What rankled Franks most was not the initial censure itself, but the silence that followed the reversal. Despite his decades of service to the Law Society, including as convenor of both the company law and commercial law committees, and despite the thousands of free hours he has contributed, no one from the organization bothered to call and apologize or acknowledge how damaging the original finding had been to the profession's reputation. He was glad the decision was a majority one, he said, because it showed that not everyone involved in the regulatory process was, in his view, an "idiot." But the lack of any gesture of recognition stung.

The Law Society responded by noting that Standards Committees are independent decision-making bodies composed of both lawyers and lay members, appointed by the Law Society Board for fixed terms with a nine-year maximum. During the 2024-25 reporting year, 1,366 complaints were referred to Standards Committees for consideration. The Legal Complaints Review Officer received 165 applications for review during the same period. Of the Standards Committee decisions reviewed, 89 were confirmed, 23 were confirmed but modified, and 26 were reversed or partially reversed. Franks' case falls into that last category—a genuine rarity in the regulatory landscape.

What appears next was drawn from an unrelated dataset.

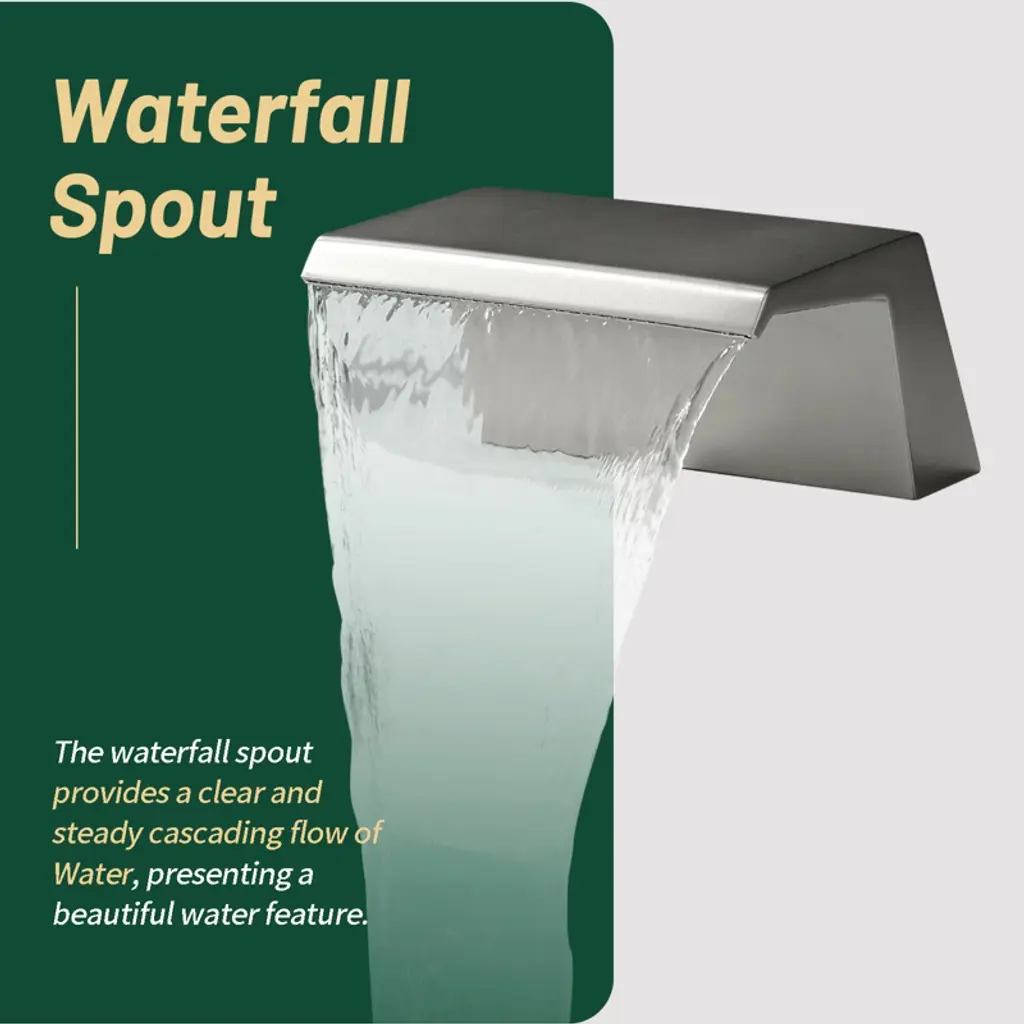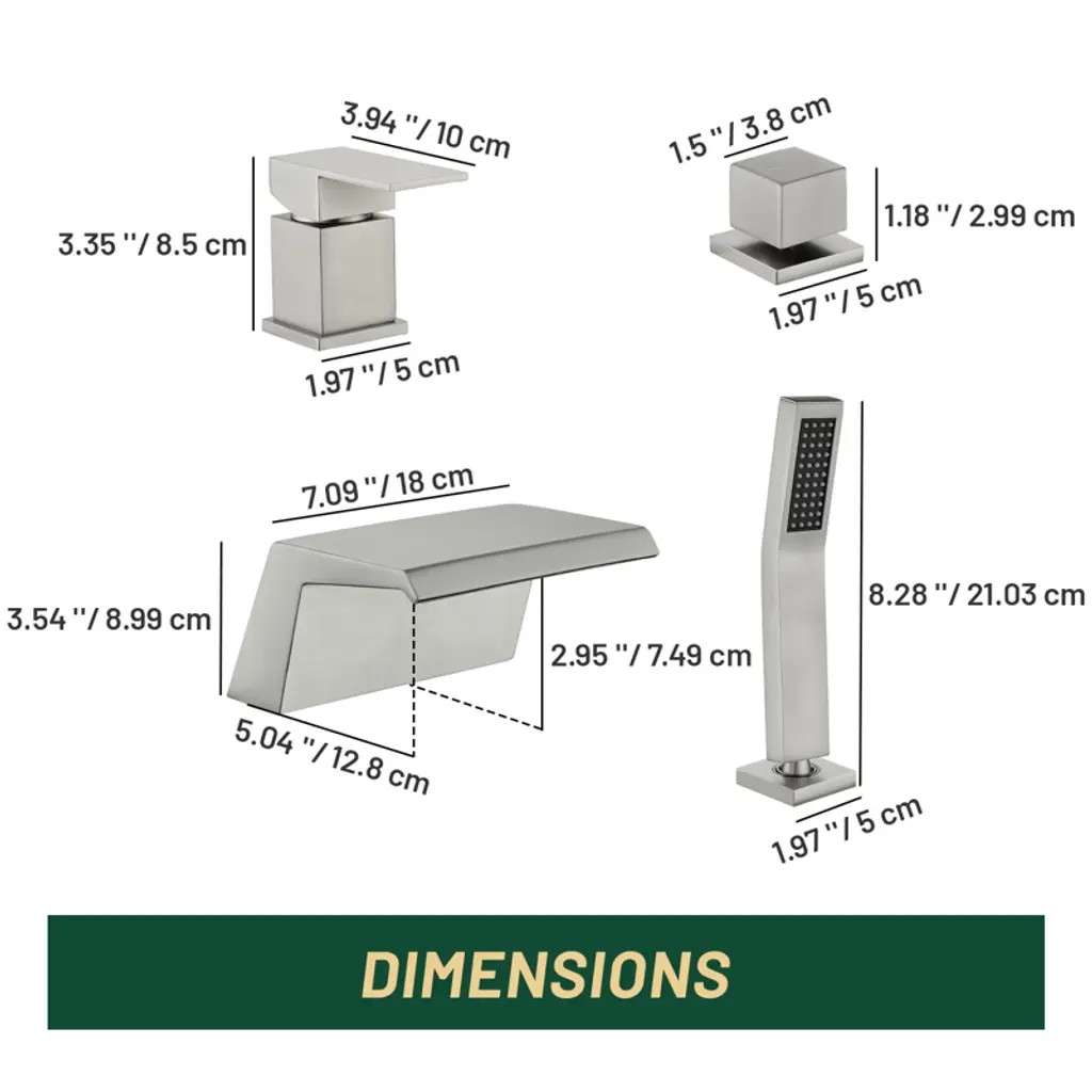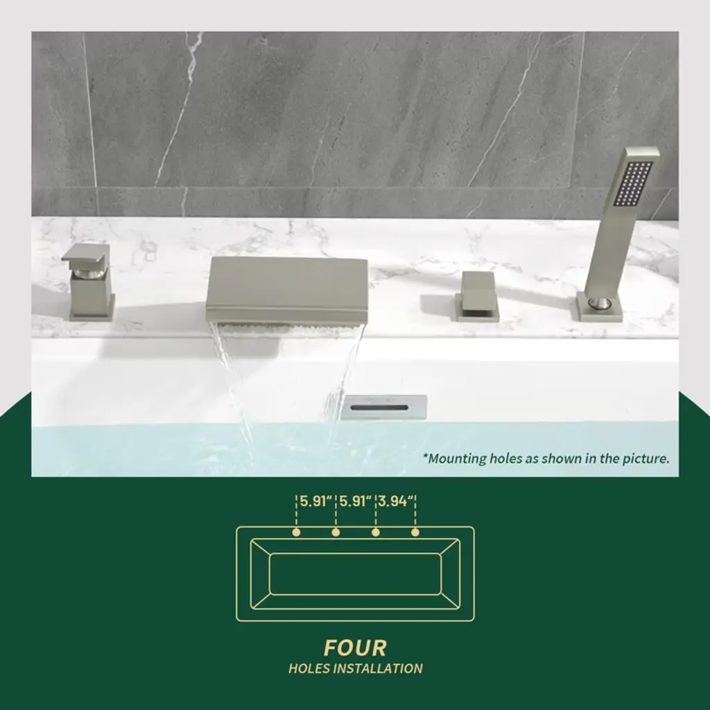 This bathtub faucet adopts an elegant and fashionable design style, which is able to adapt to a wide range of bathroom environments with bathtubs and naturally blend with common bathroom fixtures and decorative styles.Meanwhile, it is mainly made of brass and stainless steel, which is durable, not easy to rust and fade, prolonging the service life of the product, and combining aesthetics and practicality. The bathtub shower faucet set comes with handheld shower, bathtub faucet and 5 hoses.The bathtub faucet is designed with a 7.09-inch wide waterfall spout, the spout action is as neat as a waterfall, bringing you a stable water flow experience.The hand shower comes with a 59-inch hose with gravity ball, and the longer hose length effectively extends the shower's range of motion.At the same time, when the shower is finished, the gravity ball guides the hose back into place with its own gravity, keeping your bathroom clean and tidy, and providing you with a convenient and efficient experience. This shower faucet set adopts simple single-lever control, which is intuitive and convenient to operate, and can easily realize water flow adjustment.In addition, it is also cleverly equipped with a diverter knob, which can be switched between the bathtub faucet and the handheld shower with just a gentle turn.Whether you are immersed in the gentle embrace of the bathtub or enjoying the pleasure of the hand shower, it can be easily realized, creating an efficient and comfortable bathing environment for you, allowing the body and mind to get the ultimate relaxation under the caress of the water. This product adopts 4-hole installation method, reasonable layout is convenient for daily shower use. We have a professional after-sales team ready to provide you with support to ensure peace of mind.

The original ruling was stupid and embarrassing for the legal profession, which showed itself so hostile to basic elements of practice and freedom of speech.
— Stephen Franks
That is what lawyers do. That is why a client comes to its lawyer and says, 'We need a lawyer's letter about this'. This cannot conceivably be improper in principle.
— Fraser Goldsmith, Legal Complaints Review Officer
A Conversa do Hearth Outra perspectiva sobre a história
Inventor

Why did the review officer think the original committee got it so wrong?

Model

Because the committee treated the act of a lawyer sending a letter as inherently the use of legal process—as if the letterhead itself was a threat. But Goldsmith saw it differently. He said lawyers send letters all the time to lend weight to client concerns. That's the job. The letter didn't actually threaten litigation; it just expressed a client's position on a policy matter.

Inventor

So the committee was saying Franks should have hidden the fact that he was a lawyer?

Model

Not exactly hidden it, but the committee thought the client should have sent the letter themselves, under their own name. That way, there would be no appearance of legal muscle behind it. Goldsmith found that reasoning flawed. He said any letter from a lawyer is meant to carry weight—that's why clients hire lawyers in the first place.

Inventor

Did the review officer seem frustrated with the committee?

Model

Yes, quite noticeably. He expressed surprise that the committee hadn't even considered whether the complainants had a real stake in the matter. And he was particularly struck that two of the six complainants were lawyers themselves. He wondered if they'd have felt the same way if the positions were reversed.

Inventor

What bothers Franks most now?

Model

Not the reversal itself—he's vindicated. What stings is that no one from the Law Society called to apologize or acknowledge how embarrassing the original finding was for the profession. He's given decades of service, thousands of free hours, and the silence felt like a slap.

Inventor

Is this decision likely to change how the Law Society handles similar cases?

Model

That's unclear. The Law Society said Standards Committees are independent. But Goldsmith's reasoning—that lawyers routinely send letters meant to persuade and pressure—is pretty fundamental to legal practice. It's hard to see how you regulate that without becoming hostile to basic professional function.